Edito
09H00 - dimanche 20 octobre 2019

La chronique dominicale de Michel Taube : à quelle Pologne faisons-nous face ?

 

Tandis qu’en Hongrie Viktor Orban connaissait son premier revers électoral d’envergure en perdant la municipalité de Budapest et d’autres villes lors des municipales du 13 octobre (à la faveur, tout de même d’une alliance contre nature entre socialistes et anciens néo-nazis du Jobbik), les Polonais, eux, ont reconduit – et renforcé, la majorité sortante.

Enfin pas tout à fait…

Dimanche 13 octobre 2019, nous avons vécu des élections à l’image de la Pologne telle qu’elle est : ultraconservatrice avec une bonne dose de modernité.

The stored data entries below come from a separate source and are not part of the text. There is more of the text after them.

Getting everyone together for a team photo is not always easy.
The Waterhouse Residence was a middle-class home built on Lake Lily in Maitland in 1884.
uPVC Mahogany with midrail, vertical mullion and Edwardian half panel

Le PIS,Droit et Justice, parti au pouvoir depuis 2014, a remporté la majorité absolue aux élections législatives avec 239 des 460 sièges à la « Sejm », la chambre basse.

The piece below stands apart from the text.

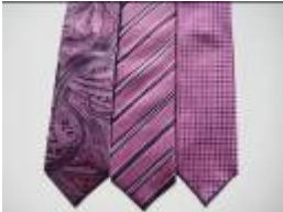
Tasso Elba Rose Berry Pack

BRANDS: ALFANI, ALFANI RED, BEN SHERMAN, COUNTESS MARA, GEOFFREY BEENE, JOHN ASHFORD, PENGUIN, PERRY ELLIS, TASSO ELBA, TASSO COLLEZIONE

Les libéraux de la Plateforme civique (PO) et ses alliés sont en net recul à près de 27%. Le parti de gauche Lewica fait 12,5 %. L’extrême droite de Konfederacja récolte 1,2 million de voix et entre pour la première fois au Parlement avec 11 élus. Sorte d’AFD polonaise, bon nombre de ses dirigeants sont ouvertement antisémites.

Le taux de participation à une élection qui était présentée comme la plus importante depuis le premier scrutin post-communiste de 1989 est très élevé à 61%. Ce qui pourrait donner des ailes aux caciques de Droit et Justice pour renforcer leur politique d’affaiblissement des contre-pouvoirs et leur doctrine basée sur la nation et la famille (la création d’une allocation mensuelle de 500 zlotis pour le deuxième enfant, qui augmente de plus de 20% le revenu moyen d’une famille modeste, a dû faciliter l’onction populaire.

Le PIS s’est construit sur un mécontentement très profond qui a monté dans les années 90 et 2000. Le PIS a gagné dans toutes les couches sociales (sauf auprès des grands patrons). Il n’est pas la voix des campagnes et des exclus. Passée de 500 000 étudiants en 1989 à 2,5 millions en Pologne (bac +3), le chômage et la précarité règnent parmi eux. Leur seul avenir : partir à l’étranger, rester à la maison et faire des enfants (la baisse du taux d’activité des femmes est criante) ou se contenter de contrats courts, ce que les Polonais appellent les contrats poubelle.

Cette colère sociale a fait le succès du PIS qui, il faut bien le mesurer, a gagné sur le centre droit (PO) et non sur l’extrême droite.

Il a aussi gagné sur la division de ses adversaires : en effet, au Sénat, le PIS a perdu sa majorité à une voix près. Pour une seule raison : les opposants au PIS ont présenté un candidat unique contre le pouvoir dans chaque circonscription. Contrairement à la Chambre basse. Le Sénat pourra retarder le vote de certains projets de loi mais le parti de Jaroslaw Kaczynski, l’homme fort de la Pologne, conserve les rênes de la Pologne.

Comme le disaient à l’unisson, le soir de l’élection, les deux spécialistes de la Pologne Tal Bruttmann, historien de la Shoah et de l’antisémitisme, et Jean-Yves Potelécrivain et universitaire, spécialiste de l’histoire de l’Europe centrale et de la Pologne, ainsi que Anna C. Zielinska, philosophe polonaise, invités par Corinne Evens, entrepreneuse, artiste bijoutière et présidente de l’Association Européenne du Musée de l’Histoire des Juifs de Pologne POLIN, et Monique Canto-Sperber, philosophe, ancienne directrice de l’ENS et de l’Université de recherche Paris-Sciences-et-Lettres PSL, la Pologne est un pays tout en nuances. Certes, par sa volonté de construire une mémoire de la fierté contre une mémoire de la culpabilité, la Pologne du PIS tord un peu – beaucoup – le récit de son histoire, mais elle est entrée en force dans le XXIème siècle.

Certes, la Pologne d’aujourd’hui, c’est Jaroslaw Kaczynski. Mais c’est aussi Olga Tokarczuk, Prix Nobel de littérature 2018. Le ministre de la culture sortant aura le temps de finir son dernier chef d’œuvre « Les livres de Jakob » (2014). Cette lecture l’inspirera peut-être pour cette nouvelle législature et pour nommer enfin Dariusz Stola, désigné par le comité de sélection comme directeur du musée POLIN, au cœur de Varsovie, et qui attend sa nomination officielle.

Au final, il faudra compter avec la Pologne, poids lourd de l’Europe de l’Est, si l’on veut maintenir le navire chancelant d’une Union européenne fort fragile.